» **AIM OF THE TASK**
Copy the data that appears below exactly. Drop the pictures.

» **STORED DATA**
# # # # #

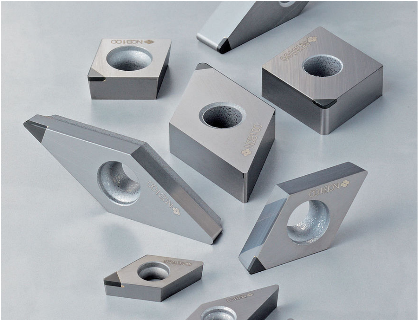
Binderless CBN (NCB100) from Sumitomo
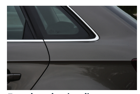
Exterior trim detail
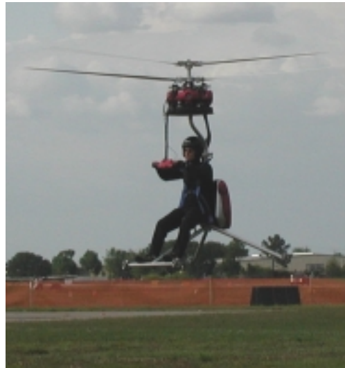
Powered by stupidity?

# # # # #

» **TASK SOLUTION**
Binderless CBN (NCB100) from Sumitomo
Exterior trim detail
Powered by stupidity?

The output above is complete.